STUDENTS affected by the foot and mouth crisis are set to receive special dispensation from examination boards.

Lancashire County Council has now urged schools to make sure exam boards are aware of pupils whose lives have been affected by foot and mouth so they are not put at a disadvantage during their GCSEs or A-levels.

Only a handful of pupils' preparation for crunch exams are believed to have been affected by the virus, with some teenagers being confined to farms after livestock was either confirmed as having the disease or declared by vets to be at high risk.

Students who have completed 35 per cent of coursework ahead of exams are eligible for the dispensation grades, with consideration also made for emotional stress which may have been caused as a result of the disease ahead of actual exams.

They will be given a predicted grade as their final grade.

Exams boards already make allowances for pupils who have been in hospital or off sick for long periods and pupils whose education has suffered as a result of foot and mouth are also set to benefit. However, it is down to individual schools to contact the exam boards about pupils who have struggled.

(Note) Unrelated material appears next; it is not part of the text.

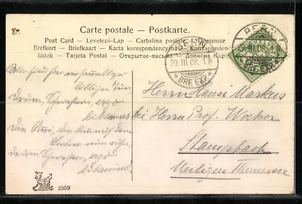 alte Ansichtskarte, gelaufen 1908, guter Zustand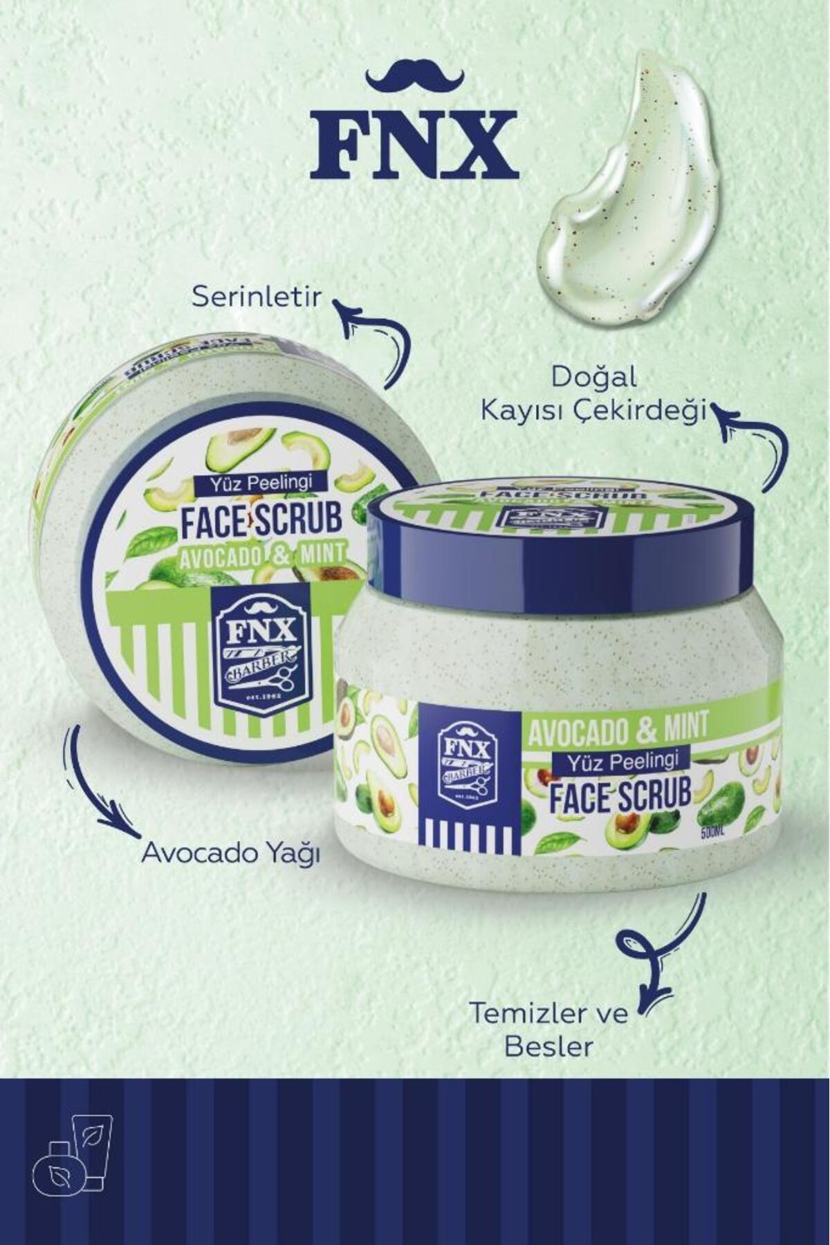FNX Barber Face Scrub 500 Ml Avokado & Mint FNX Barber Face Scrub 500 Ml Avokado & Mint FNX-31 تک سایز

An examining boards statement said: "Schools need to contact us in the same way they would about pupils who have been off sick for long periods. The foot and mouth-affected pupils will then receive the same treatment as other people who have missed lessons."

Coun Hazel Harding, chairman of the education and lifelong learning committee at Lancashire County Council, said: "It is good news that the exam boards have recognised that foot and mouth can have a big impact on a pupil's education.

"There are teenagers who have been confined to farms and have struggled to keep up as a result.

"I hope all schools who know of pupils in this situation act to make sure they aren't disadvantaged by something which was out of their control."

There have been confirmed cases of foot and mouth in Clayton-le-Dale, near Blackburn, Great Harwood and Withnell, near Chorley.

Animals have been culled elsewhere in the area as a result of the disease -- often because they were just believed to be at risk.

Lancaster and Carnforth has also been badly hit by the disease.